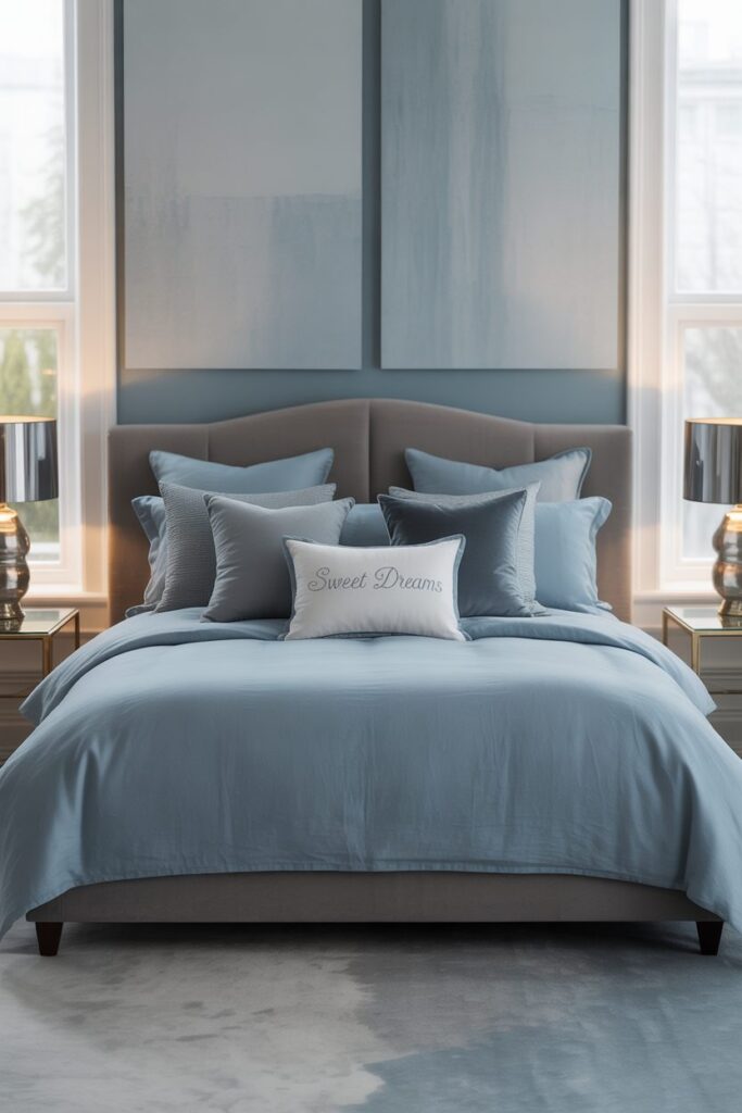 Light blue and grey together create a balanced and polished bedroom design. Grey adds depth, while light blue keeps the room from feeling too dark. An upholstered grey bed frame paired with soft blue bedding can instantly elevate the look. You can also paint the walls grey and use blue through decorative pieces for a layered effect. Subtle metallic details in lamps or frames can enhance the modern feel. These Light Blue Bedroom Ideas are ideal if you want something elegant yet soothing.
━━━━━━━━━━━━━━━━━━━━━━━━━━━━━━
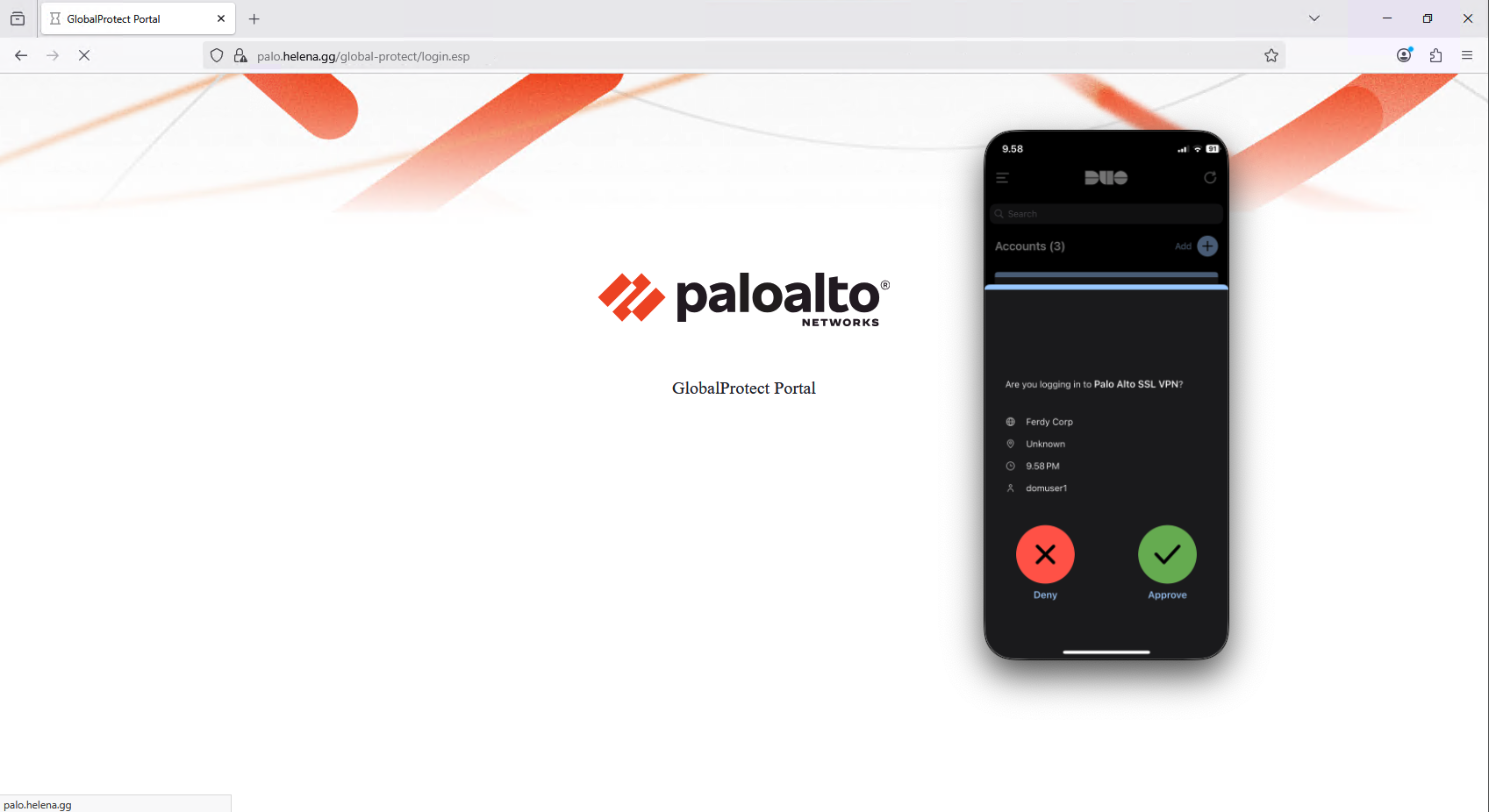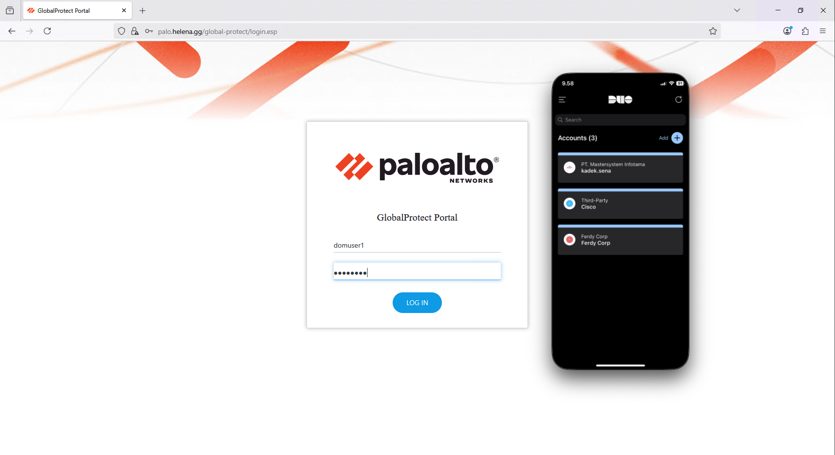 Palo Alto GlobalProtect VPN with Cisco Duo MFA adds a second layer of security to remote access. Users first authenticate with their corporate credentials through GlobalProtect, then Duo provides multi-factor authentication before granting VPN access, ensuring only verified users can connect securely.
━━━━━━━━━━━━━━━━━━━━━━━━━━━━━━
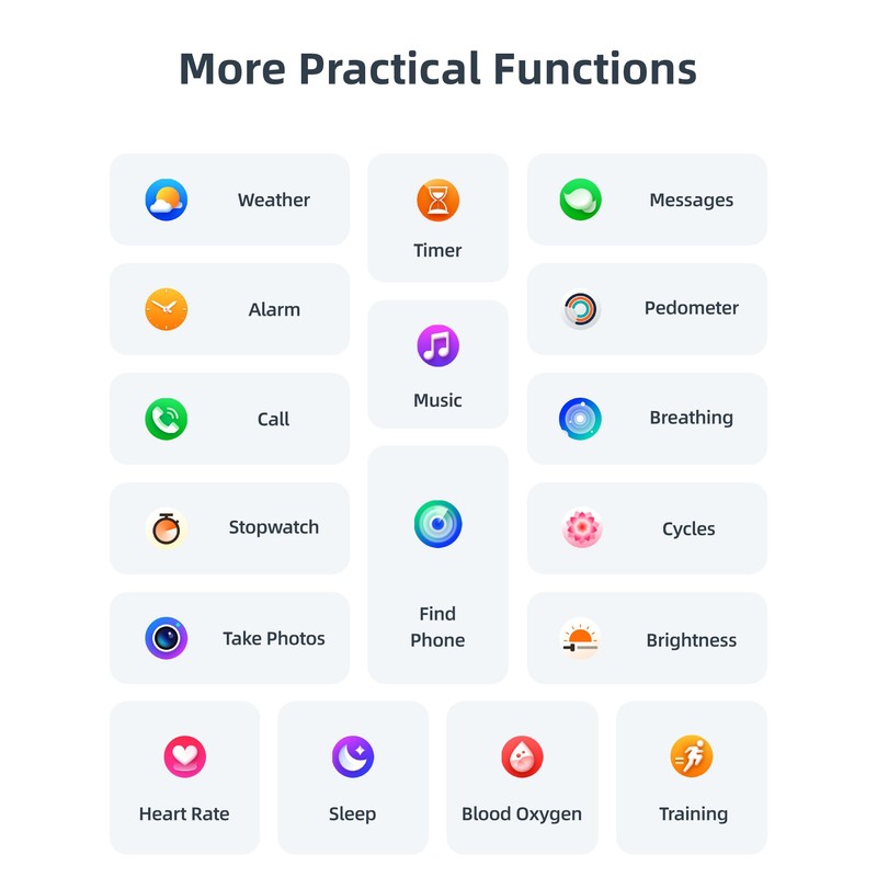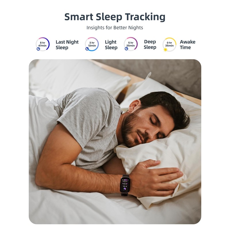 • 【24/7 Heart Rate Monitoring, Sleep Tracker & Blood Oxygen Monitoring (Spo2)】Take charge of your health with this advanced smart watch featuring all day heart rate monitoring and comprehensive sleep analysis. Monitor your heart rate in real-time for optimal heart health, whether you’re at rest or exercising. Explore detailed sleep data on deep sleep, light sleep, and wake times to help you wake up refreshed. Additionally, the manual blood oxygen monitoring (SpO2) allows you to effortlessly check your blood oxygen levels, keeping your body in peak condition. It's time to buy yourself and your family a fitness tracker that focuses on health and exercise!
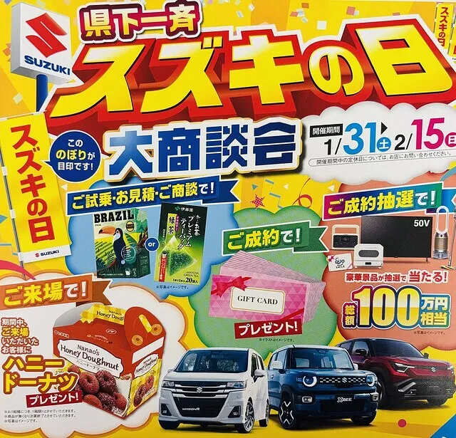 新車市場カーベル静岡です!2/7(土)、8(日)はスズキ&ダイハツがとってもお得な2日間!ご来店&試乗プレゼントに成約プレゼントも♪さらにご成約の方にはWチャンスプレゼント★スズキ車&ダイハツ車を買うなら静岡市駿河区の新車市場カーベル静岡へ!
━━━━━━━━━━━━━━━━━━━━━━━━━━━━━━
● **TASK GOAL**
In the data above, find the line containing "health and exercise!" and the line containing "新車市場カーベル静岡です!2". Repeat those two lines and everything between them exactly, minus the pictures.

● **YOUR RESPONSE**
 • 【24/7 Heart Rate Monitoring, Sleep Tracker & Blood Oxygen Monitoring (Spo2)】Take charge of your health with this advanced smart watch featuring all day heart rate monitoring and comprehensive sleep analysis. Monitor your heart rate in real-time for optimal heart health, whether you’re at rest or exercising. Explore detailed sleep data on deep sleep, light sleep, and wake times to help you wake up refreshed. Additionally, the manual blood oxygen monitoring (SpO2) allows you to effortlessly check your blood oxygen levels, keeping your body in peak condition. It's time to buy yourself and your family a fitness tracker that focuses on health and exercise!
 新車市場カーベル静岡です!2/7(土)、8(日)はスズキ&ダイハツがとってもお得な2日間!ご来店&試乗プレゼントに成約プレゼントも♪さらにご成約の方にはWチャンスプレゼント★スズキ車&ダイハツ車を買うなら静岡市駿河区の新車市場カーベル静岡へ!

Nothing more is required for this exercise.